## Your assignment
Each line from the top of the listing down to and including the line with "CampFeuer® – Tipi" must be duplicated exactly; pictures are to be skipped.

Top of Source data

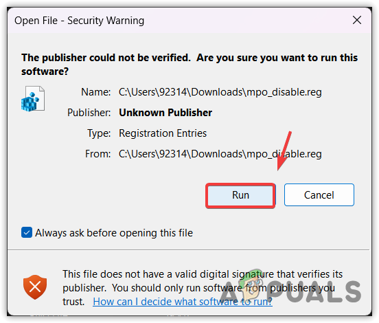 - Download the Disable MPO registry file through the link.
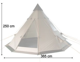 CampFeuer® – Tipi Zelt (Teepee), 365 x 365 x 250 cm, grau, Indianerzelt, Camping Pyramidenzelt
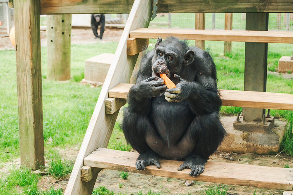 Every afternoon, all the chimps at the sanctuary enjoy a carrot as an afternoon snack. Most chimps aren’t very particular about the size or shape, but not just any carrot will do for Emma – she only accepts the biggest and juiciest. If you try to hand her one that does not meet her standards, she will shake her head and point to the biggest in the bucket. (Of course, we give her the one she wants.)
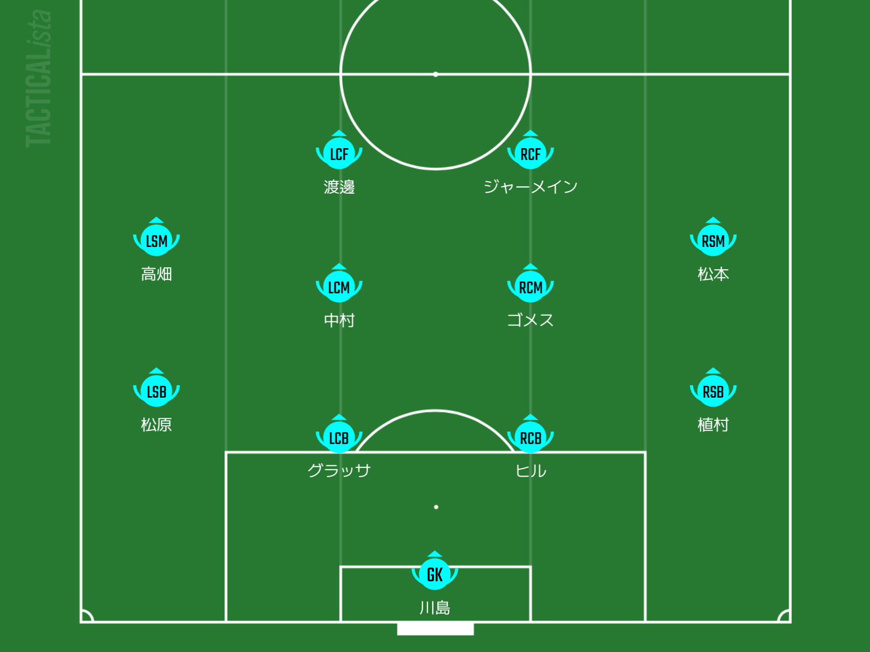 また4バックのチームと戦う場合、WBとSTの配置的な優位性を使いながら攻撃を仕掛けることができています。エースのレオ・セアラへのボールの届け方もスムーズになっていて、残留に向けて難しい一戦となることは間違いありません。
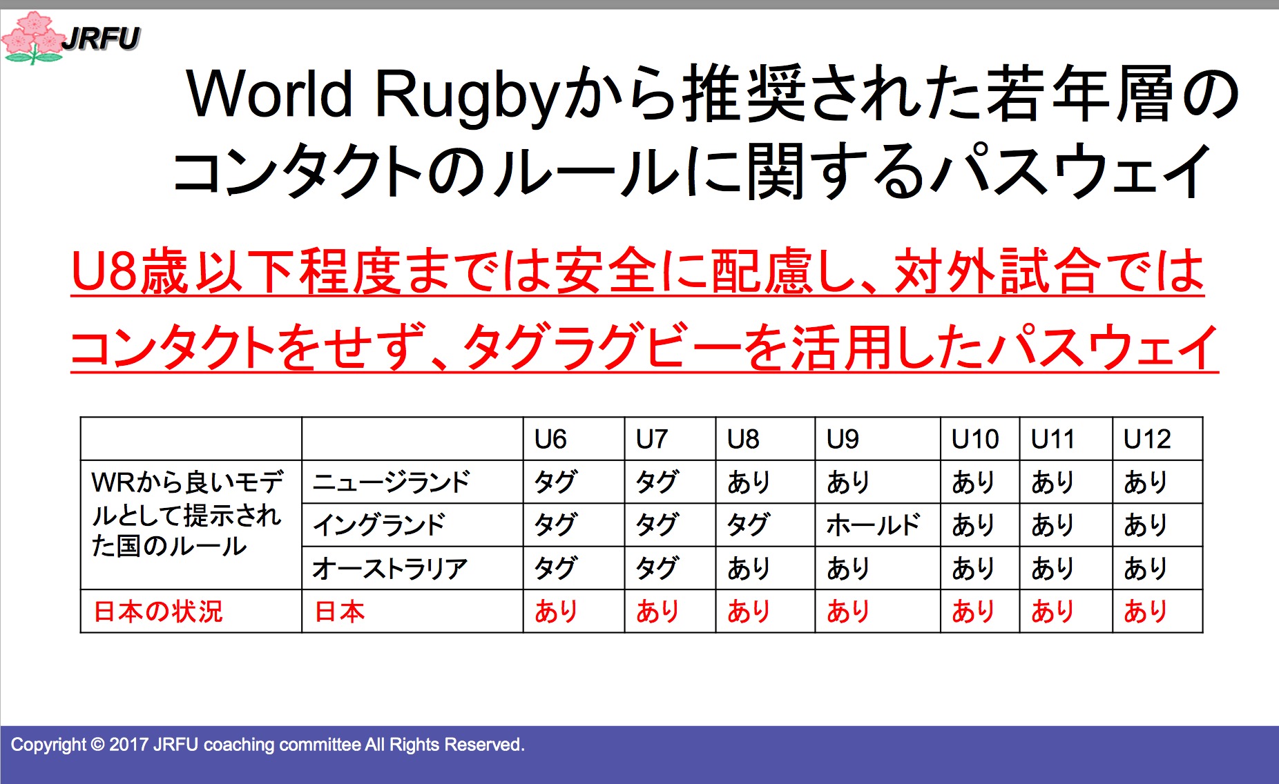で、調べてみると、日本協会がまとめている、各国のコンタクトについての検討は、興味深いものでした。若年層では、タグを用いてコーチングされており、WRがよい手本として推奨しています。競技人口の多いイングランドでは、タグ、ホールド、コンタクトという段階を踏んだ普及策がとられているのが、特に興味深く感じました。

Bottom of Source data

## Your solution
 - Download the Disable MPO registry file through the link.
 CampFeuer® – Tipi Zelt (Teepee), 365 x 365 x 250 cm, grau, Indianerzelt, Camping Pyramidenzelt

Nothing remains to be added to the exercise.